**Try it:**
Copy out the listing that follows, exactly, without its pictures.

**Given information:**

● ● ●

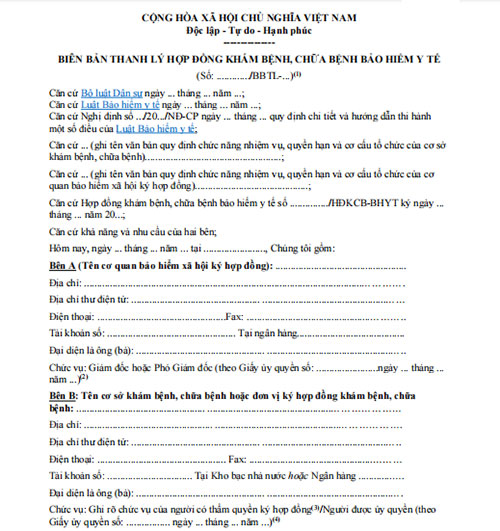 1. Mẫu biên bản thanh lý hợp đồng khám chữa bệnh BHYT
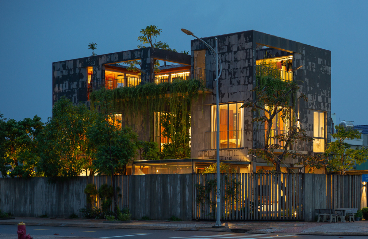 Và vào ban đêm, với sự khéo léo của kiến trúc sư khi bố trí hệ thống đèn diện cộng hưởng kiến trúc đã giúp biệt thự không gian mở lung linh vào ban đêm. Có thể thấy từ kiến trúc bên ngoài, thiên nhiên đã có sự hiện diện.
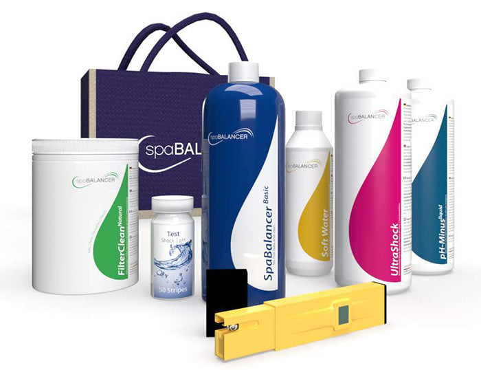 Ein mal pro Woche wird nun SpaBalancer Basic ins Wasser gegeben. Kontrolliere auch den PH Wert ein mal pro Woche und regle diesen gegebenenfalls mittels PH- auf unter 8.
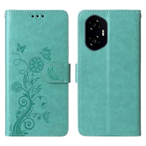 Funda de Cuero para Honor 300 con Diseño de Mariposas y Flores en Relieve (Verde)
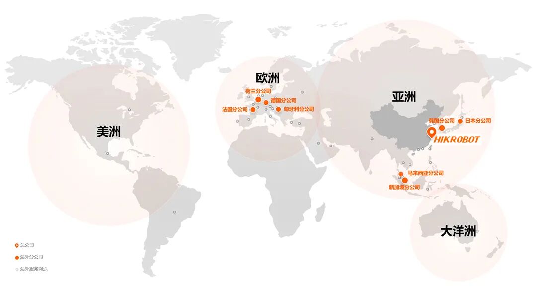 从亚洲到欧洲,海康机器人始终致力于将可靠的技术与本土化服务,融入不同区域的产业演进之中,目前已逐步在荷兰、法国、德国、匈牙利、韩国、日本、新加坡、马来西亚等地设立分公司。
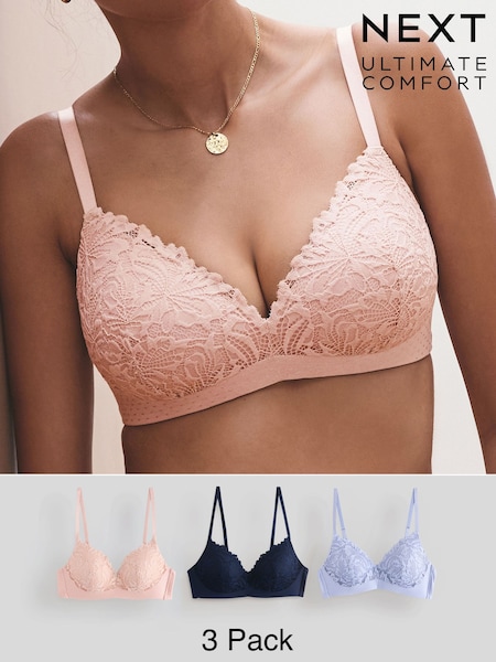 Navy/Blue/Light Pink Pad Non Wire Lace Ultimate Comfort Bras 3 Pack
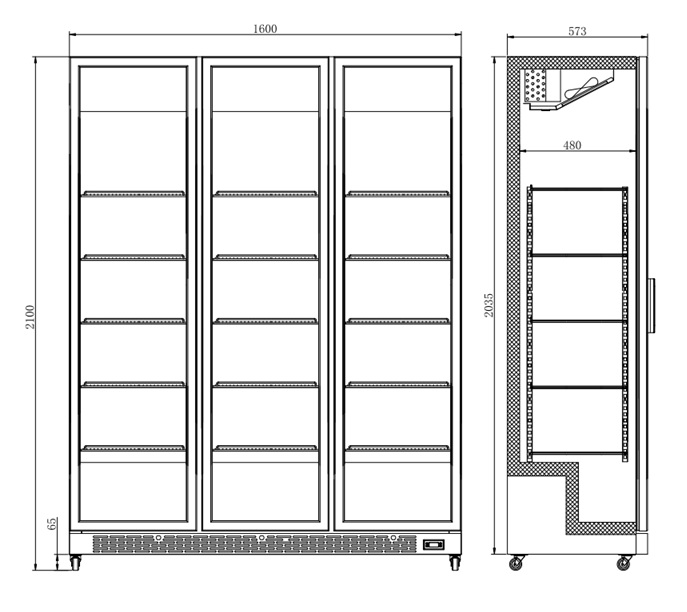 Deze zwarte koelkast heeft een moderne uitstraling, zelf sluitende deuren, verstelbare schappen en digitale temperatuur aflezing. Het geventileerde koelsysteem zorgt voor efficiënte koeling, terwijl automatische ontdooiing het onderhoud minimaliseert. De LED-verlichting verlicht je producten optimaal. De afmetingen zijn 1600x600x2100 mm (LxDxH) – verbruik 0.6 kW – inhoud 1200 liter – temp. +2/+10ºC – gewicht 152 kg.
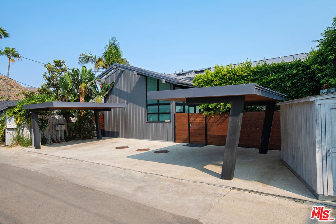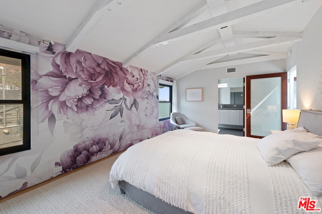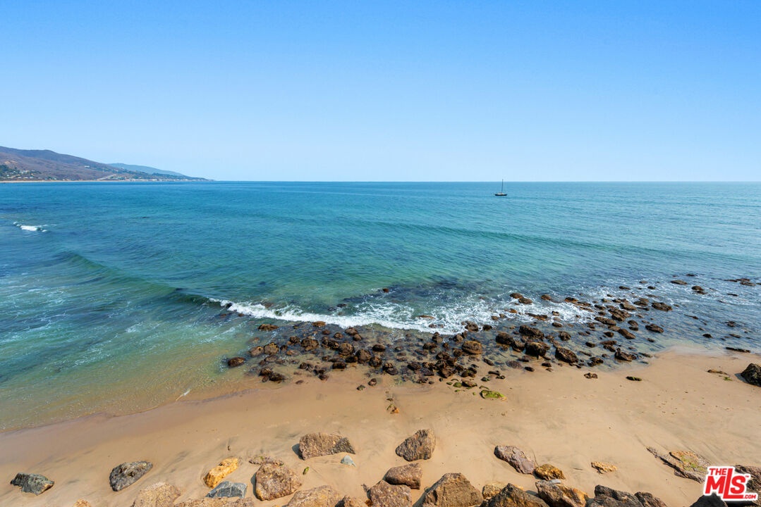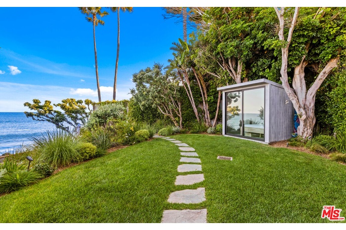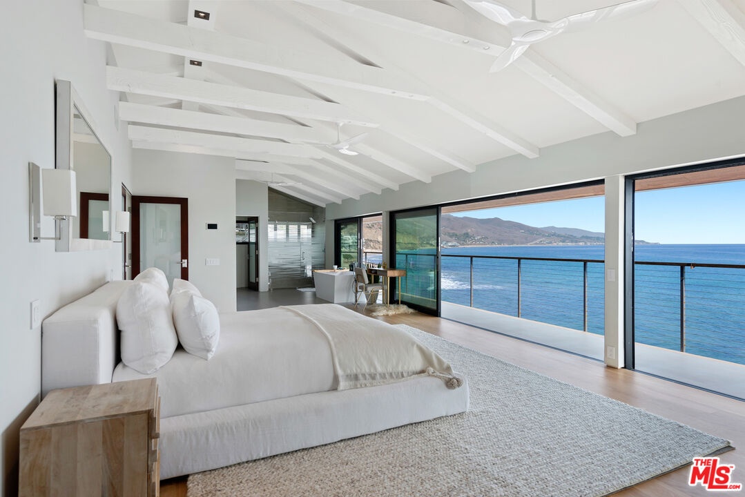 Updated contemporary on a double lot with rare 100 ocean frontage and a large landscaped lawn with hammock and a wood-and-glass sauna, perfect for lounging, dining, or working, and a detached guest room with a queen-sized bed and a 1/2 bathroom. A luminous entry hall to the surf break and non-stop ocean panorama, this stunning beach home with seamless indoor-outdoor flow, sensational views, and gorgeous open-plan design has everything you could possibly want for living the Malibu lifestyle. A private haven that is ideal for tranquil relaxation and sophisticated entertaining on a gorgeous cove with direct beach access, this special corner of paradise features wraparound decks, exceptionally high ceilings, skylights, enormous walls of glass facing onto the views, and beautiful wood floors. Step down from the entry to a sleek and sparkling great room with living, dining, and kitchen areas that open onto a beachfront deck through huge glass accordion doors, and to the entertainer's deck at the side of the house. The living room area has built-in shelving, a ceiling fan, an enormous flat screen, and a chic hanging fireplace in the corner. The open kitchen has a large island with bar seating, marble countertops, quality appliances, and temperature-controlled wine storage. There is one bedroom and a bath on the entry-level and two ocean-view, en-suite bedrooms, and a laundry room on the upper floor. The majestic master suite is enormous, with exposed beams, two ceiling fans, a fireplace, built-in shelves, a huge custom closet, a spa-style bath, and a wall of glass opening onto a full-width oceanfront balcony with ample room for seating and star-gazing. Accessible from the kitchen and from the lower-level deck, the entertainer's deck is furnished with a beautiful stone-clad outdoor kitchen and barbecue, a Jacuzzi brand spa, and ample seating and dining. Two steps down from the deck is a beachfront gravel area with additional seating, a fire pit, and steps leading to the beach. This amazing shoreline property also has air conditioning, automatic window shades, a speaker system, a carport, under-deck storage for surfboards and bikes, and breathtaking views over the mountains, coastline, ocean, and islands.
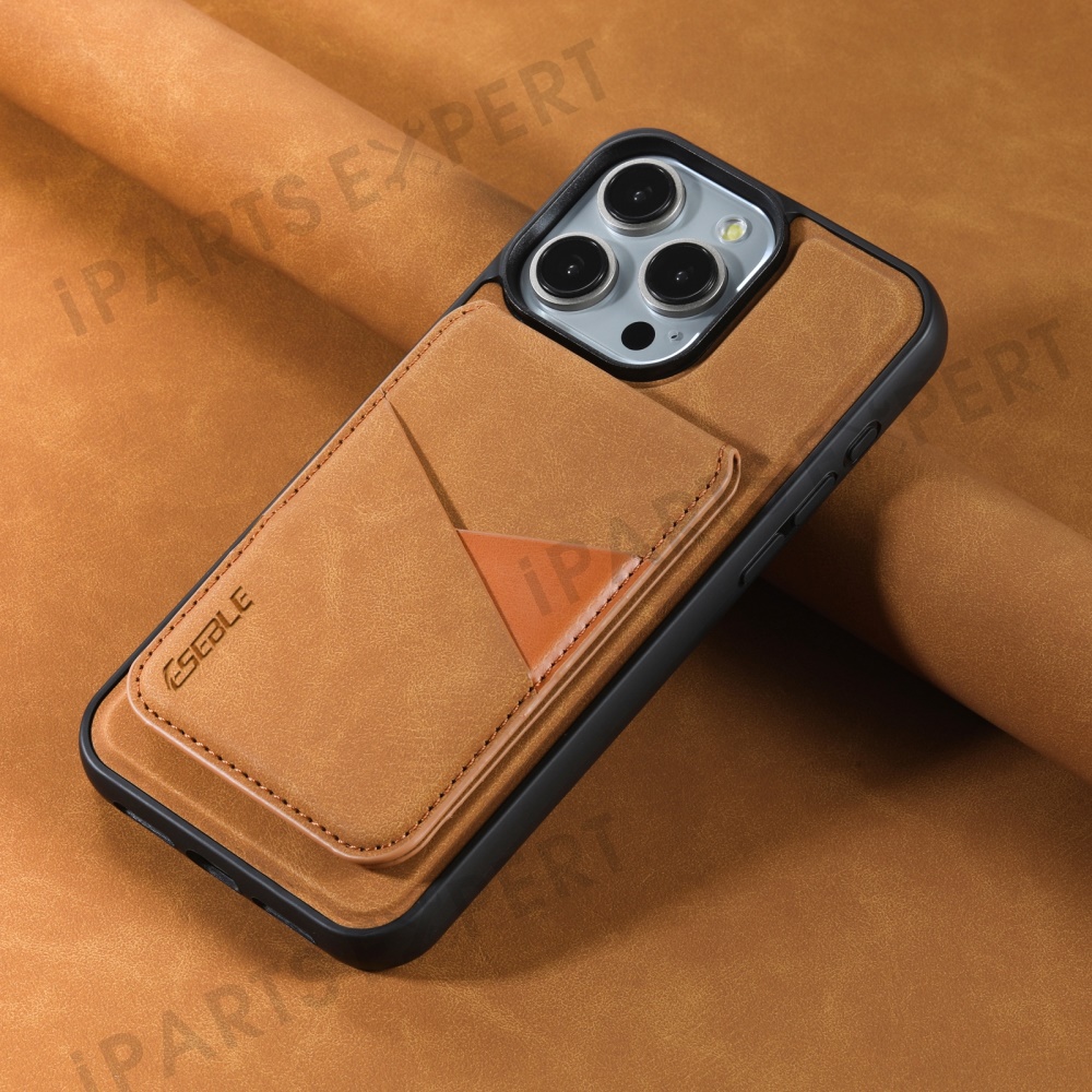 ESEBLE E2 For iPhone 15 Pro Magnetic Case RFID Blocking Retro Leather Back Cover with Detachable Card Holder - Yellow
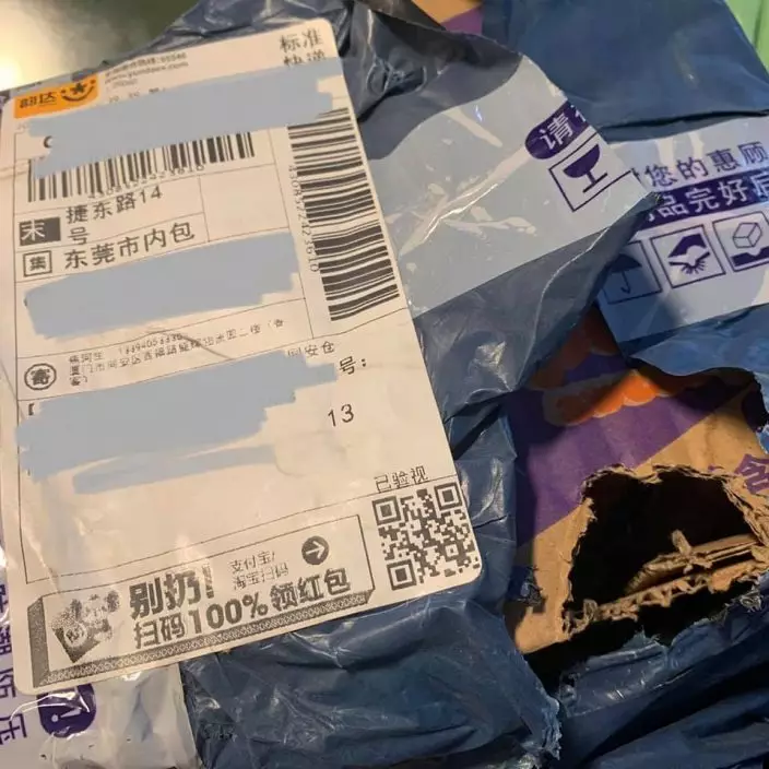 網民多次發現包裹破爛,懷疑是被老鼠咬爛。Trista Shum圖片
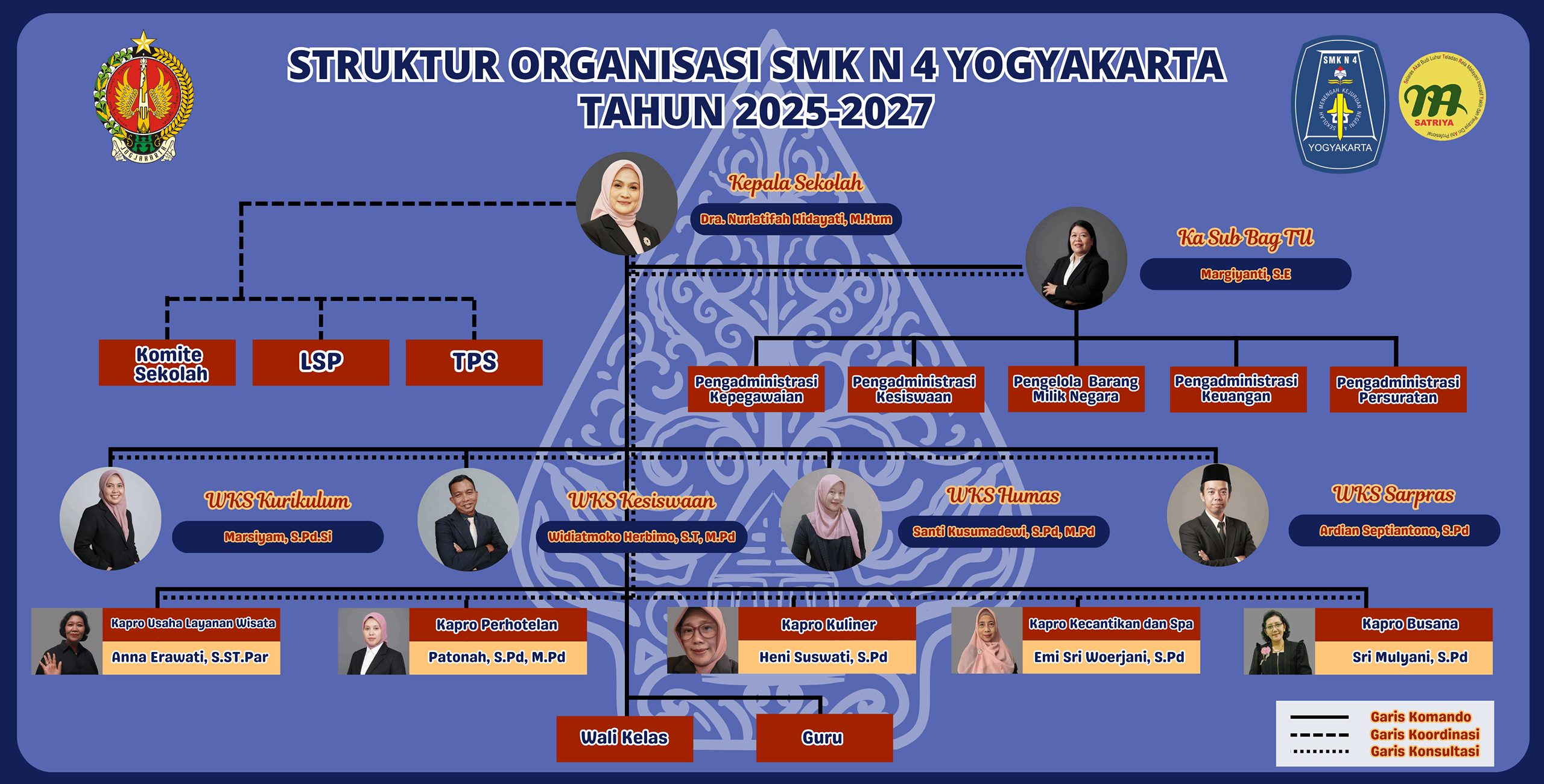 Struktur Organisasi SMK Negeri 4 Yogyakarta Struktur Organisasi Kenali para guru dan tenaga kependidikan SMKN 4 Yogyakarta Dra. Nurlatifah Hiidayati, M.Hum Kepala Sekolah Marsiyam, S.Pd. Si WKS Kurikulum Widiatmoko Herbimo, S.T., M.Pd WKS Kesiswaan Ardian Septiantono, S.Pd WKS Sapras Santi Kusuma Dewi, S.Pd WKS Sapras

● ● ●

**Problem solution:**
 1. Mẫu biên bản thanh lý hợp đồng khám chữa bệnh BHYT
 Và vào ban đêm, với sự khéo léo của kiến trúc sư khi bố trí hệ thống đèn diện cộng hưởng kiến trúc đã giúp biệt thự không gian mở lung linh vào ban đêm. Có thể thấy từ kiến trúc bên ngoài, thiên nhiên đã có sự hiện diện.
 Ein mal pro Woche wird nun SpaBalancer Basic ins Wasser gegeben. Kontrolliere auch den PH Wert ein mal pro Woche und regle diesen gegebenenfalls mittels PH- auf unter 8.
 Funda de Cuero para Honor 300 con Diseño de Mariposas y Flores en Relieve (Verde)
 从亚洲到欧洲,海康机器人始终致力于将可靠的技术与本土化服务,融入不同区域的产业演进之中,目前已逐步在荷兰、法国、德国、匈牙利、韩国、日本、新加坡、马来西亚等地设立分公司。
 Navy/Blue/Light Pink Pad Non Wire Lace Ultimate Comfort Bras 3 Pack
 Deze zwarte koelkast heeft een moderne uitstraling, zelf sluitende deuren, verstelbare schappen en digitale temperatuur aflezing. Het geventileerde koelsysteem zorgt voor efficiënte koeling, terwijl automatische ontdooiing het onderhoud minimaliseert. De LED-verlichting verlicht je producten optimaal. De afmetingen zijn 1600x600x2100 mm (LxDxH) – verbruik 0.6 kW – inhoud 1200 liter – temp. +2/+10ºC – gewicht 152 kg.
 Updated contemporary on a double lot with rare 100 ocean frontage and a large landscaped lawn with hammock and a wood-and-glass sauna, perfect for lounging, dining, or working, and a detached guest room with a queen-sized bed and a 1/2 bathroom. A luminous entry hall to the surf break and non-stop ocean panorama, this stunning beach home with seamless indoor-outdoor flow, sensational views, and gorgeous open-plan design has everything you could possibly want for living the Malibu lifestyle. A private haven that is ideal for tranquil relaxation and sophisticated entertaining on a gorgeous cove with direct beach access, this special corner of paradise features wraparound decks, exceptionally high ceilings, skylights, enormous walls of glass facing onto the views, and beautiful wood floors. Step down from the entry to a sleek and sparkling great room with living, dining, and kitchen areas that open onto a beachfront deck through huge glass accordion doors, and to the entertainer's deck at the side of the house. The living room area has built-in shelving, a ceiling fan, an enormous flat screen, and a chic hanging fireplace in the corner. The open kitchen has a large island with bar seating, marble countertops, quality appliances, and temperature-controlled wine storage. There is one bedroom and a bath on the entry-level and two ocean-view, en-suite bedrooms, and a laundry room on the upper floor. The majestic master suite is enormous, with exposed beams, two ceiling fans, a fireplace, built-in shelves, a huge custom closet, a spa-style bath, and a wall of glass opening onto a full-width oceanfront balcony with ample room for seating and star-gazing. Accessible from the kitchen and from the lower-level deck, the entertainer's deck is furnished with a beautiful stone-clad outdoor kitchen and barbecue, a Jacuzzi brand spa, and ample seating and dining. Two steps down from the deck is a beachfront gravel area with additional seating, a fire pit, and steps leading to the beach. This amazing shoreline property also has air conditioning, automatic window shades, a speaker system, a carport, under-deck storage for surfboards and bikes, and breathtaking views over the mountains, coastline, ocean, and islands.
 ESEBLE E2 For iPhone 15 Pro Magnetic Case RFID Blocking Retro Leather Back Cover with Detachable Card Holder - Yellow
 網民多次發現包裹破爛,懷疑是被老鼠咬爛。Trista Shum圖片
 Struktur Organisasi SMK Negeri 4 Yogyakarta Struktur Organisasi Kenali para guru dan tenaga kependidikan SMKN 4 Yogyakarta Dra. Nurlatifah Hiidayati, M.Hum Kepala Sekolah Marsiyam, S.Pd. Si WKS Kurikulum Widiatmoko Herbimo, S.T., M.Pd WKS Kesiswaan Ardian Septiantono, S.Pd WKS Sapras Santi Kusuma Dewi, S.Pd WKS Sapras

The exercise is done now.